= Blinn–Phong reflection model =

Shading algorithm in computer graphics

The Blinn–Phong reflection model, also called the modified Phong reflection model, is a modification developed by Jim Blinn to the Phong reflection model in 1977.

Blinn–Phong is a shading model used in OpenGL and Direct3D's fixed-function pipeline (before Direct3D 10 and OpenGL 3.1), and is carried out on each vertex as it passes down the graphics pipeline; pixel values between vertices are interpolated by Gouraud shading by default, rather than the more computationally-expensive Phong shading.

==Description==

Vectors for calculating Phong and Blinn–Phong shading

In Phong shading, one must continually recalculate the dot product $R \cdot V$ between a viewer (V) and the beam from a light-source (L) reflected (R) on a surface.
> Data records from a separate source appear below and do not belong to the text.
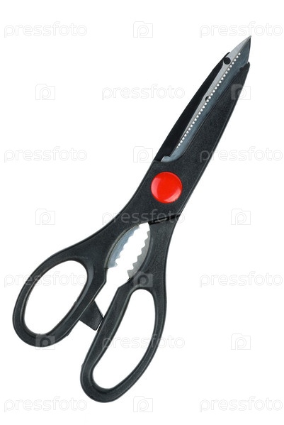 Закрытые черные кухонные ножницы на белом фоне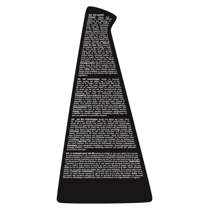 Εφαρμόστε ομοιόμορφα στο δέρμα, αφήστε το να απορροφηθεί για λίγο και στη συνέχεια τρίψτε απαλά με ένα μαλακό, νωπό και καθαρό πανί ή σφουγγάρι. Αφήστε να στεγνώσει. Ανάλογα με τον βαθμό ρύπανσης, ξεπλύνετε το πανί ή το σφουγγάρι μερικές φορές. Για βέλτιστα αποτελέσματα, επεξεργαστείτε το δέρμα στη συνέχεια με το BR Μαλακτικό Δέρματος, κωδικός (BR763002).
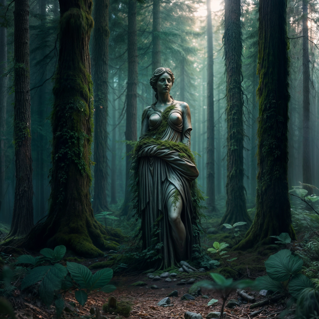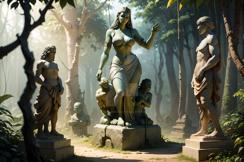 The forest was dense, with trees so tall they seemed to touch the heavens. The trio had been trekking for hours when they stumbled upon a clearing. What they saw left them in awe. The clearing was filled with statues. Not just any statues, but lifelike representations of humans.

If, instead, one calculates a halfway vector between the viewer and light-source vectors,

$H = \frac{L + V}{\left\| L + V \right\|}$

$R \cdot V$ can be replaced with $N \cdot H$, where $N$ is the normalized surface normal. In the above equation, $L$ and $V$ are both normalized vectors, and $H$ is a solution to the equation $V=P_H(-L),$ where $P_H$ is the Householder matrix that reflects a point in the hyperplane that contains the origin and has the normal $H.$

This dot product represents the cosine of an angle that is half of the angle represented by Phong's dot product if V, L, N and R all lie in the same plane. This relation between the angles remains approximately true when the vectors don't lie in the same plane, especially when the angles are small. The angle between N and H is therefore sometimes called the halfway angle.
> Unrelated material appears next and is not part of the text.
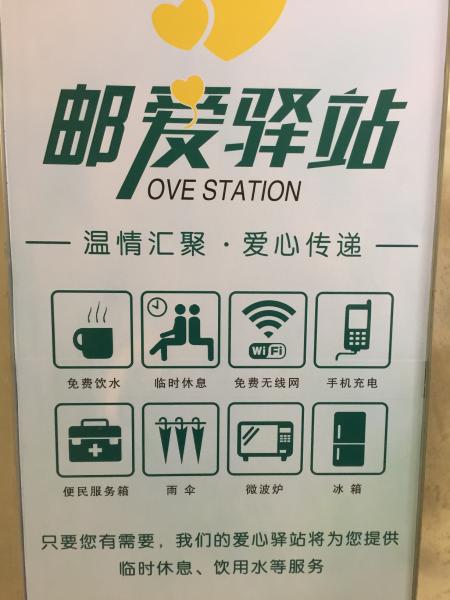今年5月下旬,根據(jù)江西省分公司和省郵政工會《關(guān)于做好江西郵政營業(yè)網(wǎng)點“愛心驛站”建設(shè)的通知》文件要求,上饒市分公司和市郵政工會在帶湖路城市網(wǎng)點建設(shè)了一個標(biāo)準(zhǔn)化的“郵愛驛站”示范點。
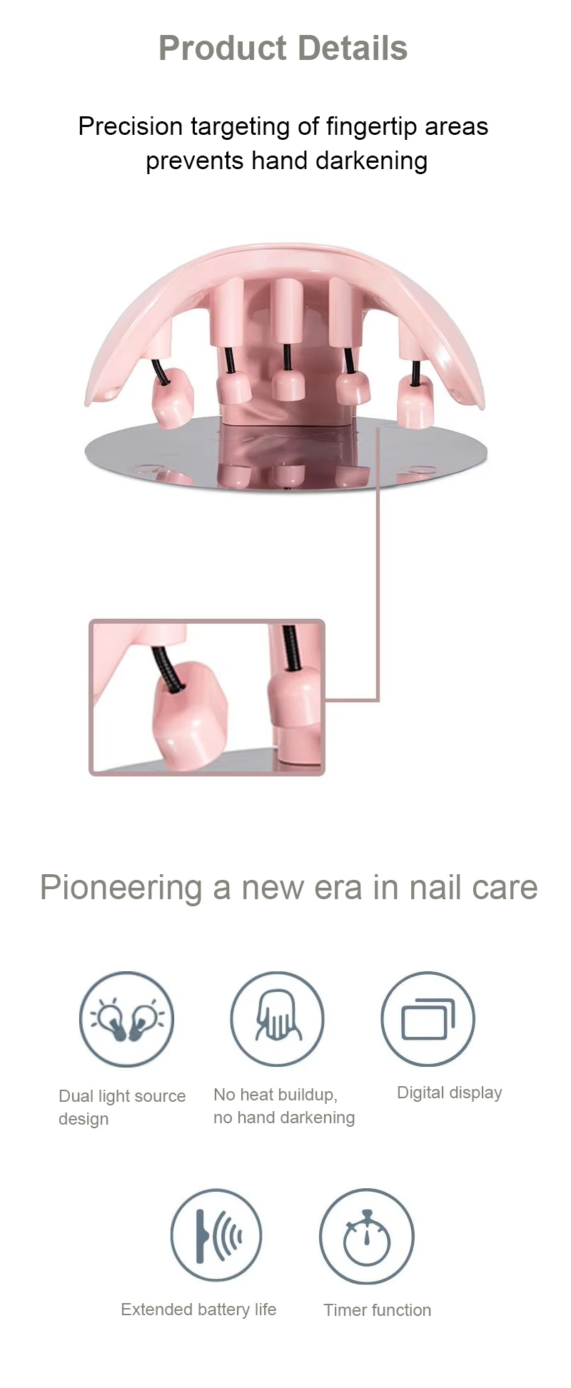ผลิตภัณฑ์ช่วยให้กาวแห้งสนิทโดยไม่หดตัว แหล่งกำเนิดแสงคู่ให้ความร้อนอย่างอ่อนโยนเพื่อป้องกันมือเปลี่ยนสีและปวดตา เหมาะสำหรับทั้งมือและเท้า ให้ผลลัพธ์ที่แห้งเร็วอย่างน่าทึ่ง

Considering that the angle between the halfway vector and the surface normal is likely to be smaller than the angle between R and V used in Phong's model (unless the surface is viewed from a very steep angle for which it is likely to be larger), and since Phong is using $\left( R \cdot V \right)^{\alpha},$ an exponent can be set $\alpha^\prime > \alpha$ such that $\left(N \cdot H \right)^{\alpha^\prime}$ is closer to the former expression.
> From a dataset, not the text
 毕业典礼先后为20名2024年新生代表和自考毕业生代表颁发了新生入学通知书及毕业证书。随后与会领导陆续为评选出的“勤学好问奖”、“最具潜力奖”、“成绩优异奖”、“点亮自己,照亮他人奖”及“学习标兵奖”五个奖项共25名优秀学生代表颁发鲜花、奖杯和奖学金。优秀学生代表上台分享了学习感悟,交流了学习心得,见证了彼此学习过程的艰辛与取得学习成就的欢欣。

For front-lit surfaces (specular reflections on surfaces facing the viewer), $\alpha^\prime = 4\,\alpha$ will result in specular highlights that very closely match the corresponding Phong reflections. However, while the Phong reflections are always round for a flat surface, the Blinn–Phong reflections become elliptical when the surface is viewed from a steep angle. This can be compared to the case where the sun is reflected in the sea close to the horizon, or where a far away street light is reflected in wet pavement, where the reflection will always be much more extended vertically than horizontally.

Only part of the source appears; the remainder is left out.